Intuition for quotients through exercise on rings

Question

Show that $\Bbb Z \times \{0 \}$ is an ideal of $\Bbb Z \times \Bbb Z$ and describe the elements of the quotient ring $(\Bbb Z \times \Bbb Z)/(\Bbb Z \times \{0 \})$.

Pick $a,b \in \Bbb Z \times \{0 \} $, then $a + (-b)=(x,0)+(-(y,0)) = (x-y,0) \in \Bbb Z \times \{0 \} $ for some $x,y \in \Bbb Z$. Also let $c \in \Bbb Z \times \Bbb Z$, then $$ac =(x,0) \cdot (u,v) = (xu,0) \in \Bbb Z \times \{0 \} $$ and similarly $ca \in \Bbb Z \times \{0 \} $. Thus $\Bbb Z \times \{0 \} $ is an ideal of $\Bbb Z \times \Bbb Z$.

I don’t really understand the idea behind quotients in general. They’re used in lots of fields such as topology, but I’ve never really understood the ”motivation” behind them so I’m stuck here.

Is the idea to basically ”squish” everything to a point in the ”dividing” set or how should I think about this?

Answer 1

The idea is not just to squish the "dividing set" into a point. More than that: the idea is to completely kill it and make it the zero element of a new ring. Essentially, a quotient $R/I$ of a ring $R$ behaves exactly as $R$ itself. With one exception: Every element of $I$ is now $0$ instead. You can think of it as imposing additional algebraic relations. For instance, $\mathbb Z$ has a minimum of algebraic relations. The only equalities we can find are those which are forced by the ring axioms. Like $2+3=3+2$ is the law of commutativity. But we don't have $2+3=2$, because that doesn't follow from the axioms. Such a ring is called "free". But we could impose the relation $2+3=2$. Though it would lead to other relations as well. For instance, if $2+3=2$, then $3=0$. But then also $6=3+3=0+0=0$. Or $4=1+3=1+0=1$, or $8=2+2\cdot3=2+2\cdot0=2+0=2$. Essentially, any two numbers would suddenly be equal if they previously differed by a multiple of $3$. They now differ by $0$ instead. Essentially, all multiples of 3, that is the set $3\mathbb Z$, are now $0$. And the ring we obtain this way is $\mathbb Z/3\mathbb Z$. It's $\mathbb Z$, but with the additional condition that all elements of $3\mathbb Z$ are $0$. Apart from that, the quotient ring behaves the same way. This is formalized by the existence of a homomorphism $\pi:\mathbb Z\to\mathbb Z/3\mathbb Z$, the natural projection. It tells us what we turned our elements into. It assigns to each element of $\mathbb Z$ the corresponding element of the new ring with the additional relation. We didn't add any new elements, which means that every element of the codomain has a preimage. That is, $\pi$ is surjective. And we made all elements of $3\mathbb Z$ into $0$ (but no other element!). So the kernel should be $3\mathbb Z$. That's essentially it. The fundamental theorem on homomorphisms will now tell us that up to natural isomorphism, these conditions already fully determine how the image looks.

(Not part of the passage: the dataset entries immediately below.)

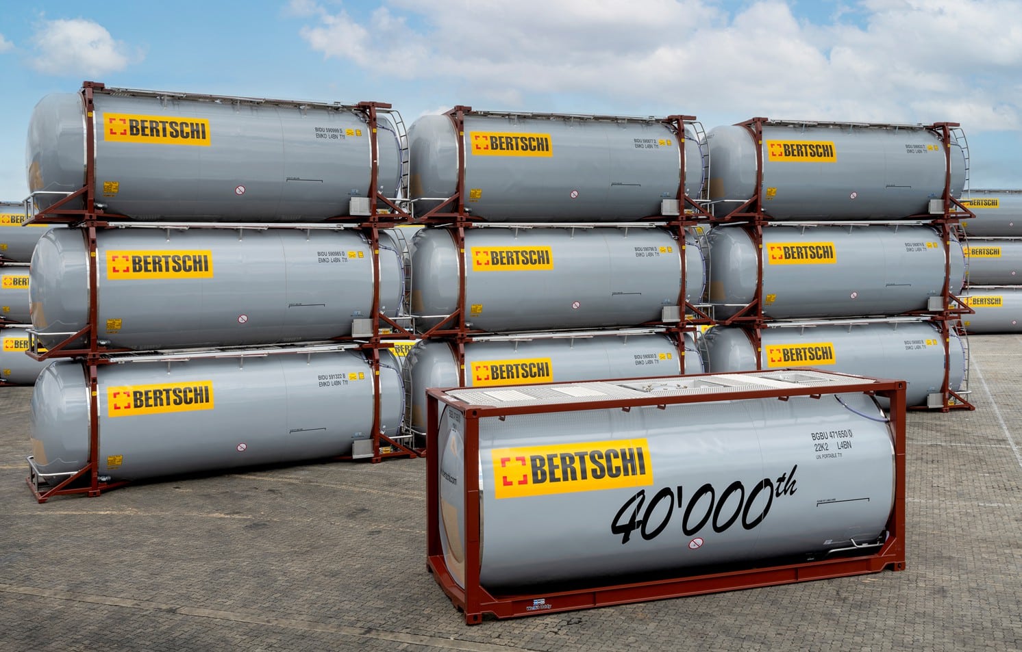Com investimentos de CHF 100 milhões, a Bertschi expandiu sua infraestrutura logística em 2021. Isso inclui a duplicação da capacidade de armazenamento para produtos químicos em contêineres em Roterdã e Middlesbrough (Reino Unido), bem como a construção de um novo hub de logística química na China. Por outro lado, a frota de contêineres-tanque e silos foi ampliada em mais de 2.000 unidades. No início de 2022, a Bertschi pôde colocar em circulação o 40.000º contêiner.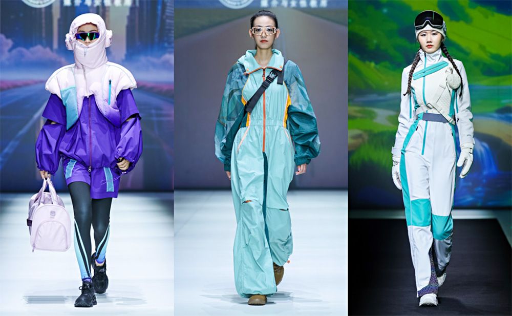 数智时代,运动装设计彰显科技与时尚的共振。毕业生通过市场调研及综合设计构思,打造适应多场景切换的功能性服装。例如,设计融入环保面料与一体织针织工艺,以流畅剪裁呼应人体工学;采用模块化设计,结合层系统模式,兼顾运动功能与时尚变装,使得服装能够灵活适应用户不同场景的穿衣需求。这些作品呼应全球运动装智能化趋势,为中国设计在材料创新应用与可持续设计领域的发展助力。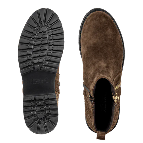 Vores Berlin Bene er en elegant nyfortolkning af den klassiske Chelsea-støvle – perfekt til efterårets skiftende vejr og stilfulde hverdage. Støvlen er fremstillet i blødt ruskind og prydet med en dekorativ guldlynlås på ydersiden, der giver et feminint og eksklusivt udtryk. På indersiden finder du en praktisk lynlås, så støvlen er nem at tage af og på.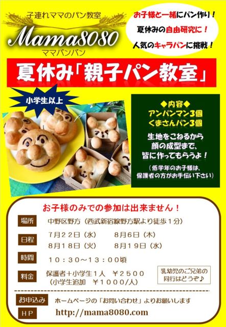 こんにちは。 東京都中野区野方から徒歩1分 子連れママのパン教室★mama8080ママパンパンより大好評の企画のお知らせです 夏休み「親子パン教室」を下記の日程で開催します ■日程: 7月22日(水) 8月6日(木) 8月18日(火) 8月19日(水) ■時間: 10:30〜13:00頃 ■内容: アンパンマンなどのキャラパンを作ります 生地のこねから焼成までをお子様で体験。 夏休みの自由研究にもどうぞ ■年齢: 小学生以上
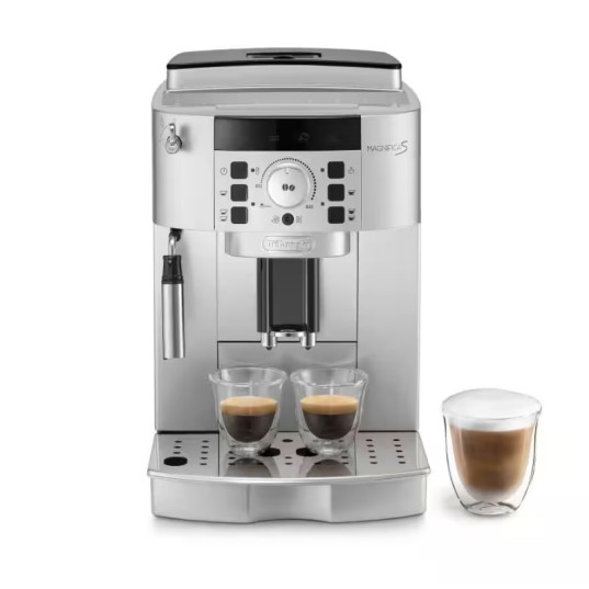 DELONGHI Magnifica S ECAM22.110.SB — одна из самых популярных автоматических моделей De’Longhi. Она каждый раз измельчает свежие кофейные зёрна и готовит эспрессо или чёрный кофе одним нажатием кнопки. Паровая насадка позволяет взбивать молочную пену для напитков с молоком. Простое управление и уход делают приготовление кофе быстрым и удобным. Демонстрационная модель прошла проверку в сервисном центре ATAR — без дефектов, с гарантией и полностью готова к использованию. Обеспечивает качественный эспрессо с возможностью регулировки объёма и степени помола.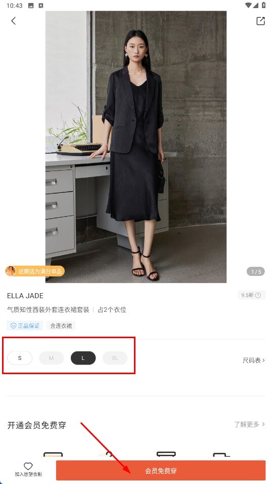 4、在服飾詳情頁,選擇合適尺碼后,可點(diǎn)擊【會(huì)員免費(fèi)穿-功能按鈕】進(jìn)行租賃操作。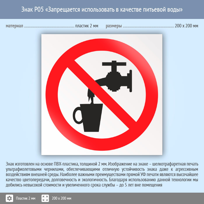 Знак P05 «Запрещается использовать в качестве питьевой воды» (пластик, 200х200 мм) в Твери купить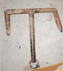 Many times the trap will be set in the ground and a layer of soil will be sifted over it. Leaves are also used to camouflage the set so that it blends in naturally with its surroundings and a well placed trap cannot be seen. The ring at the end of the chain (#4) will be anchored to the ground or an immovable object so that when the animal tries to escape s/he is unable to go far. Sometimes the trap ring will be attached to a “drag” (as shown) which will become tangled in brush as the animal tries to flee. [See Conibear traps below.]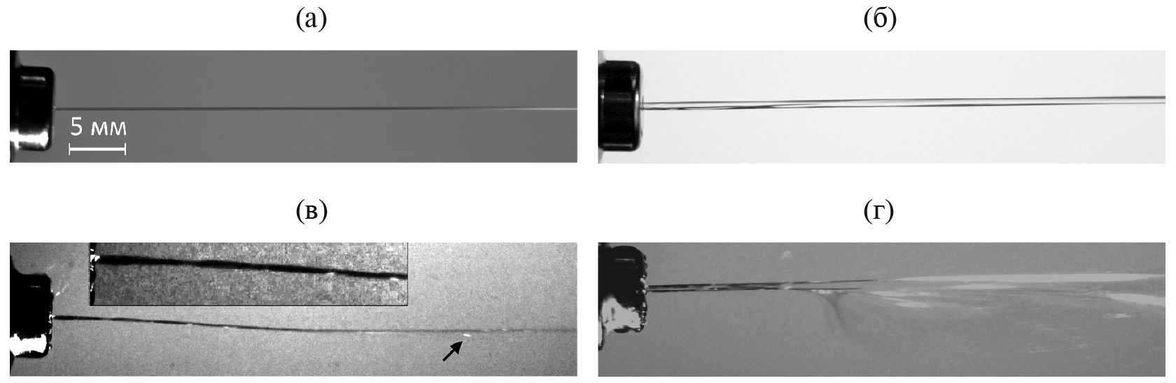 Иллюстрация результатов визуализации горизонтальных струйных течений, полученная в ходе наладочных испытаний при относительном давлении 100 кПа, представлена на рис. 4. При истечении этанола в атмосферу (P0 = 200 кПа, Pb = 100 кПа, рис. 4а, б) разрушение струй не наблюдается практически на всей видимой длине струй. Слабое возмущение в структуре течения заметно только в струе, истекающей из сопла наименьшего диаметра (рис. 4а), и только на самом отдаленном участке, на расстоянии свыше 45 мм от сопла. На форме струй не отражается геометрическое несовершенство сопел. Поверхность струй гладкая, течение прямолинейное, хотя при детальном рассмотрении изображения на рис. 4б можно видеть небольшие потемнения, которые свидетельствуют о незначительных пульсациях поверхности струи, связанных либо с процессом инверсии [18], либо с незначительным вращением струи. Иная картина наблюдается на рис. 4в, г при истечении этанола из тех же сопел, что и соответственно на рис. 4а, б, но в вакуум. Сразу за соплом струя (рис. 4в) испытывает деформацию формы поверхности в виде затухающих колебаний (вставка на рис. 4в в увеличенном масштабе). Наблюдается локальная нестабильность формы поверхности течения в виде светлых пятен. Форма струи значительно отличается от прямолинейной, она становится неустойчивой во времени и пространстве и изогнутой. Еще более интенсивные изменения наблюдаются в течении из сопла С3 (рис. 4г), сечение которого на порядок превышает сечение сопла С1. Компактная темная часть струи завершается расширяющейся светлой областью, начинающейся с яркого фрагмента, и сопровождается выбросом капель этанола. Вследствие бифуркации струйного течения в зоне скопления светлых фрагментов на нижней поверхности от исходной струи под углом вниз отделяется тонкий плоский поток, сохраняющий стабильное состояние в течение некоторого промежутка времени. В целом, неустойчивость формы и направления струи после ветвления возрастает. Для изучения этих процессов необходимо обеспечивать продолжительное стационарное истечение жидкости, что достигнуто в данной работе.

Which is why I recommend the following way of understanding quotients: a quotient of $R$ modulo $I$ is the codomain of a surjective ring homomorphism with $I$ as its kernel.

Answer 2

The name comes from investigating the integers modulo $n$. So if I take some integer $k$ and divide it by $n$ I will get some remainder $r$. Said another way there exists a quotient $q$ such that $k = qn +r$ with $r < n$. So we're doing a division operation.

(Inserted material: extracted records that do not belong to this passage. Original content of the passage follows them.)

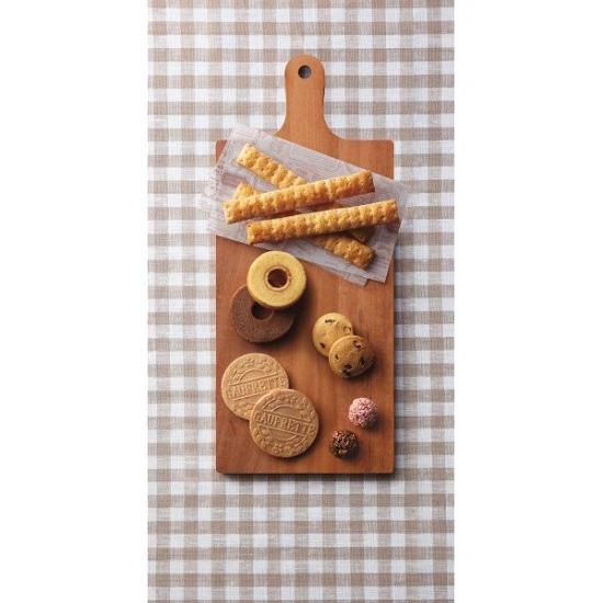 ●チョコチップクッキー×6、ロングスティックパイ×6、バウムクーヘン×4(ココア・バニラ×各2)、ゴーフレット×6(チョコ・バニラ×各3)、チョコレートクランチ×4(ミルク・ストロベリー×各2)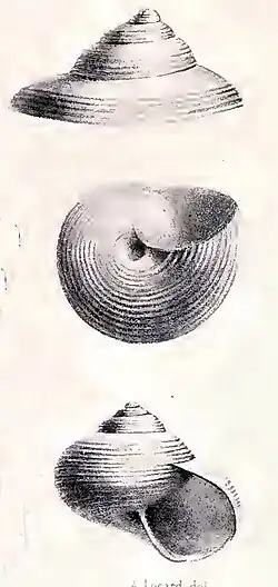 | Original drawing with three views of a shell of Solariella cingulima | |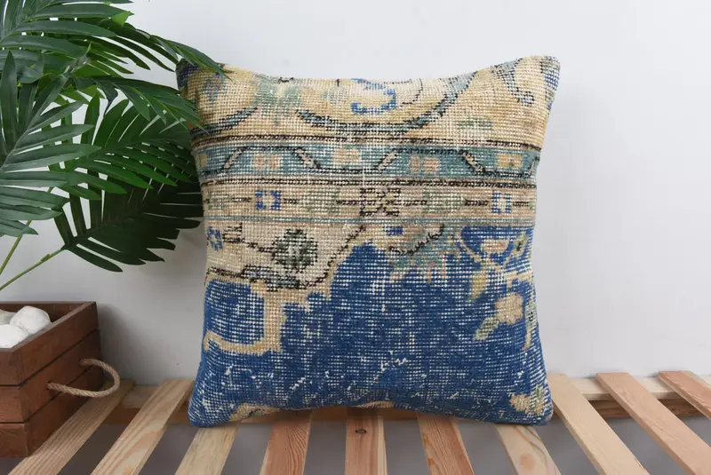 Blue Southwestern Throw Pillow, 18x18 Vintage Embroidered Cushion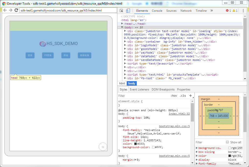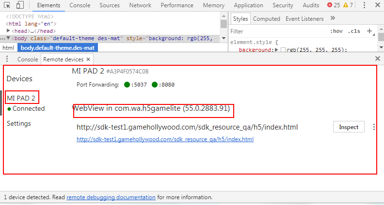 连接接上远程设备,可以看到设备信息和调试加载的页面,如下图所示: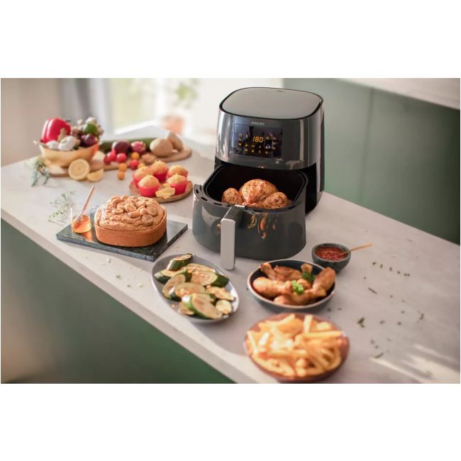 Frytownica Airfryer XL firmy Philips została zaprojektowana z myślą o Twojej rodzinie. Kosz o pojemności 1,2 kg w połączeniu z patelnią o pojemności 6,2 l ułatwia gotowanie różnych potraw. Za jednym razem można przygotować do 5 porcji dla rodziny i znajomych.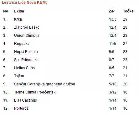 Košarkarji Krke so se s trinajsto zmago zavihteli na vrh Lige Nova KBM. Tokrat so bili boljši od Rogaške, proti kateri so niz zmag podaljšali na sedem. Rogaška je klonila prvič po šestih zaporednih zmagah, kljub vsemu pa še naprej ostaja povsem blizu vrha lestvice Lige Nova KBM.

So where does the squishing come in? Well, many different numbers have have the same remainder modulo $n$ and so if we group all the numbers with the same remainder together there will be one for each possible remainder between $0$ and $n-1$. You can think of every element being squished down to its remainder, or to one of these sets. The sets will not have any elements in common because a number can't have two remainders when divided by $n$. Also, every integer will be in one of these sets, and so they form a partition of the integers. This partition comes with an equivalence relation by the fundamental theorem of equivalence relations and we call them cosets.

What's of particular interest here is that this partitioning respects the algebraic structure in a meaningful way. If I do addition or multiplication with the remainders, or the whole coset, everything just works. So it's this specific example that motivates the nomenclature.

However the idea of a quotient operation generalizes to a much larger collection of algebraic structures as you're investigating now. For example in a vector space an orthogonal projection will be a quotient operation. Using the example you're working on you can generalize this result to see that $\mathbb{Z}^n$ modulo $\mathbb{Z}$ is isomorphic to $\mathbb{Z}^{n-1}$ in a meaningful way. This will not be the only result that resembles division that also reinforce this intuition such as Noether's isomorphism theorems. So that's where the name comes from.